See United States v. O’Malley,
In addition, the government argues the district court erred in limiting its expert to opinions based on the Tanner Scale pubic hair development. Although the expert testified that he could not perform the Tanner Scale pubic hair analysis on the GIF images, he was willing to give an opinion concerning the models’ ages based on breast development and general body habitus (the body’s shape, size and distribution of body fat). However, the expert also testified that the Tanner Scale breast stages are not scientifically useful in determining the age of the models because the range of ages for each stage was too broad and extended beyond the age of 18. The district court did not abuse its discretion in determining that the probative value of the images was compromised by the inability of the government’s expert to determine the age of the models using the portion of the Tanner scale which his own testimony advocated as scientifically valid and reliable. We do not mean to imply that, as a matter of law, the Tanner Scale pubic hair development scale is the only reliable basis for judging the age of models in child pornography cases. Rather, we hold only that a fair reading of the extensive record in this case reveals that Dr. Woodling’s *374 expertise was linked to Tanner scale methodology, and that the district court did not abuse its gate-keeping function in limiting his opinion testimony to that methodology. However, the government is not precluded from attempting to persuade the district court that some other witness can express a reliable opinion concerning the age of the models using scientifically valid methodology that is not dependent on the Tanner Scale.

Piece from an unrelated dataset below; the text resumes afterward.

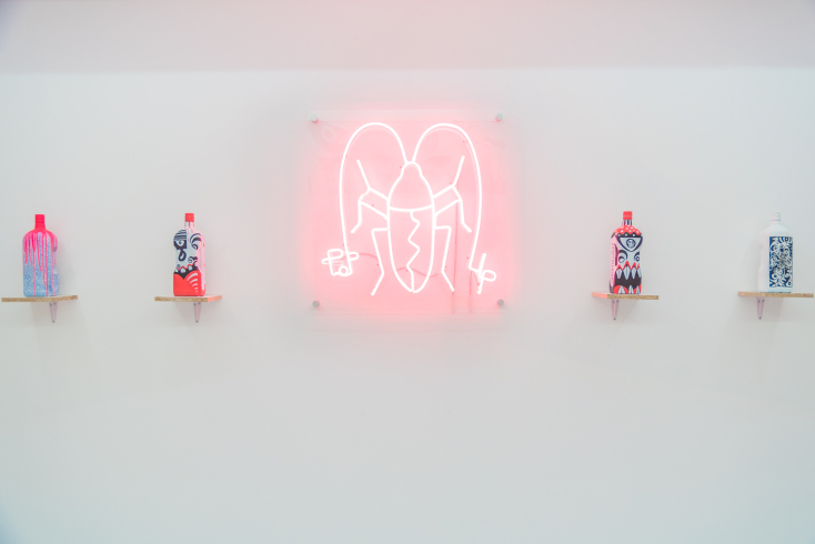 Γιατί αυτή ή έκθεση είναι απροσδόκητη, όπως μια πρόωρη εκσπερμάτωση, προσωρινή, όπως ένα συνάχι, και, ξαφνική, όπως μια κατσαρίδα που πετιέται απ’ το σιφόνι. Ε, και η ζωγραφική μου, λένε, πως έχει κάποια pop στοιχεία.

Finally, the government argues that because the GIF images are
res gestae,
they are particularly probative, and the district court erred in performing the weighing task required under Rule 403. The indictment alleges violation of 18 U.S.C. § 2252(a)(2), which requires proof that defendant knowingly and intentionally received visual depictions of children under the age of eighteen engaged in sexually explicit conduct. The government argues that the evidence is probative of elements of the crime charged other than the age of the models, specifically, that the defendant received depiction of individuals “engaged in sexually explicit conduct.” Because that element is not disputed and because the district court ruled admissible a videotape that fulfills the government’s burden on that element, we cannot say that the district court abused its discretion in rejecting the government’s argument that the res
gestae
nature of the images in question gave overwhelming weight to their probative value in spite of their prejudicial nature.
See Campbell v. Keystone Aerial Surveys, Inc.,
In sum, it was not an abuse of discretion to exclude images that, according to the government’s own expert, depict models whose ages are not susceptible to evaluation using the scale that the same expert advocates as scientifically reliable.
III. CONCLUSION
Based on the foregoing, we affirm the district court’s exclusion of the GIF images.
AFFIRMED.
Notes
. Count I was dismissed on December 2, 1997. Count II, receiving child pornography through the mail, is the only currently pending count.
. The district court considered evidence from Counts 1 and 2 at the March Daubert hearing, as Count 1 had not yet been dismissed.
. The images printed from the computer disk are referred to in the record as "photos.” The color "photos” were produced by printing the GIFs from a computer with a color printer. The black and white images were produced by copying the computer generated color images on an ordinary office copier.